Weil die tiefe der Informationen, die gesamten Hintergründe zu wenig bekannt sind.

Jeder sieht:

Die EU kostet Geld

Die EU legt zentral Dinge fest

Nur wenige kennen noch die Zeiten mit Grenzkontrollen und den Fragen, "haben sie anmeldepflichtige Waren dabei?"

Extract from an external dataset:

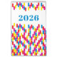 Calendário retro colorido da arte 2017. Apropriado para a casa, e o presente incorporado year end ou o presente do promocional para clientes. O calendário da mesa com seu logotipo da empresa lembra-os de seus serviços.

Wer erinnert sich noch an die langen LKW-Schlagen vor den Schlagbäumen? Die genauen Kontrollen?

Das jeder Hersteller in jedem Land in das er liefern wollte die Zulassung brauchte.

Witze über den Zoll. Da kann man nicht nur nicht mehr drüber lachen, man versteht sie nicht mehr.

Gemeinsame Regelungen. Wenn ich Probleme mit einer Fluggesellschaft habe, ist es egal, ob die aus Frankreich, Italien, Finnland, oder Dänemark ist.

Mobilfunkgeb.? Ab nächstem Jahr kein Roaming mehr (mit Ausnahme GB).

Wenn es mit einer Zeitmaschine möglich wäre, von einem Moment zum anderen alle EU Regelungen seit 1958 (EWG) aus dem Alltagsleben heraus zu nehmen, dann würden sich viele, vermutlich so ab Jahrgang 1970, in dieser Welt kaum noch zurecht finden.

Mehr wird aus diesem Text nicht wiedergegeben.